MemoryRecord.provenance ({ source, sourceType, credibility, externalId }) answers where a memory came from and how much to trust the origin. credibility (a [0,1] UnitInterval) lets a consumer weight a memory by the trustworthiness of its source — a user statement, a verified document, and an inferred guess are not equally reliable, and a retrieval ranker should be able to say so. externalId (system:id, e.g. github:pr-123, linear:SHO-39) keeps a memory traceable back to the artifact that produced it. A multi-hop, signable provenance chain is a candidate generalization — see Toward a Global Standard §E.

8. Prospective memory

Most memory is about the past. Prospective memory is about the future: a remembered intention to do something later. OMIR models it with experienceType: "intention" on an otherwise ordinary MemoryRecord — future-directed records live in the same store as retrospective ones, so the same decay, confidence, and provenance machinery applies. A conforming consumer SHOULD keep intentions out of ordinary retrospective recall and surface them when their trigger condition is met (a time, a context); the omir-personal-assistant profile makes this explicit (Profiles).

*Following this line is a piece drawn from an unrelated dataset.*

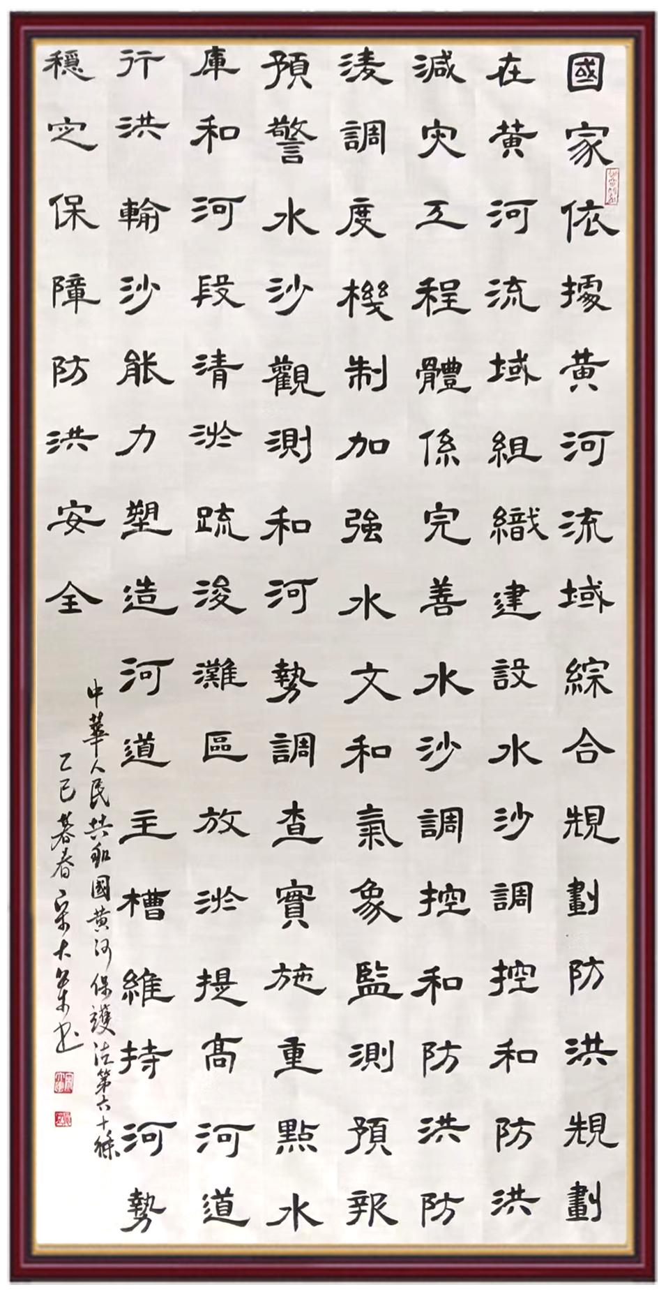 黃河寧,天下平。黃河是中華民族的發(fā)源地和搖籃,保護(hù)黃河是事關(guān)中華民族偉大復(fù)興的千秋大計(jì)?!吨腥A人民共和國(guó)黃河保護(hù)法》為推進(jìn)水資源節(jié)約集約利用、保護(hù)傳承弘揚(yáng)黃河文化、推動(dòng)黃河流域生態(tài)保護(hù)和高質(zhì)量發(fā)展提供了有力法治保障。繼書寫《中華人民共和國(guó)民法典》《中華人民共和國(guó)憲法》《中華人民共和國(guó)澳門特別行政區(qū)基本法》《中華人民共和國(guó)香港特別行政區(qū)基本法》《中華人民共和國(guó)國(guó)旗法》《中華人民共和國(guó)國(guó)徽法》《中華人民共和國(guó)國(guó)歌法》《中華人民共和國(guó)法官法》等法律法規(guī)之后,法制日?qǐng)?bào)社聯(lián)合沿黃九?。▍^(qū))司法廳、書法家協(xié)會(huì),將筆端對(duì)準(zhǔn)《中華人民共和國(guó)黃河保護(hù)法》。

What OMIR deliberately does not specify

The following are implementation concerns. They are real and important, but they are not part of the at-rest contract, and a conformant document says nothing about them:

  • Retrieval scoring. How memories are ranked at query time (similarity, BM25, graph spreading, cross-encoders, RRF fusion, multi-signal blends) is engine-specific. Score vectors ride in extension[]; they are never core. See the worked example in Extensions.
  • Embeddings. Which model, which dimensionality, which vector — all implementation. R1 carries embeddings only as extensions; a neutral embedding representation is a candidate generalization (Toward a Global Standard §D).
  • Consolidation schedules, replay, “sleep” phases. When and how memory is reorganized is an algorithm, not a state.
  • Storage and indexing. Vector indexes, key-value engines, graph databases — none of it is OMIR’s concern. OMIR is the bytes at rest, not the engine.

This boundary is the whole design: standardize the state so any engine can read another engine’s memory, and leave the behavior free so engines still have something to compete on.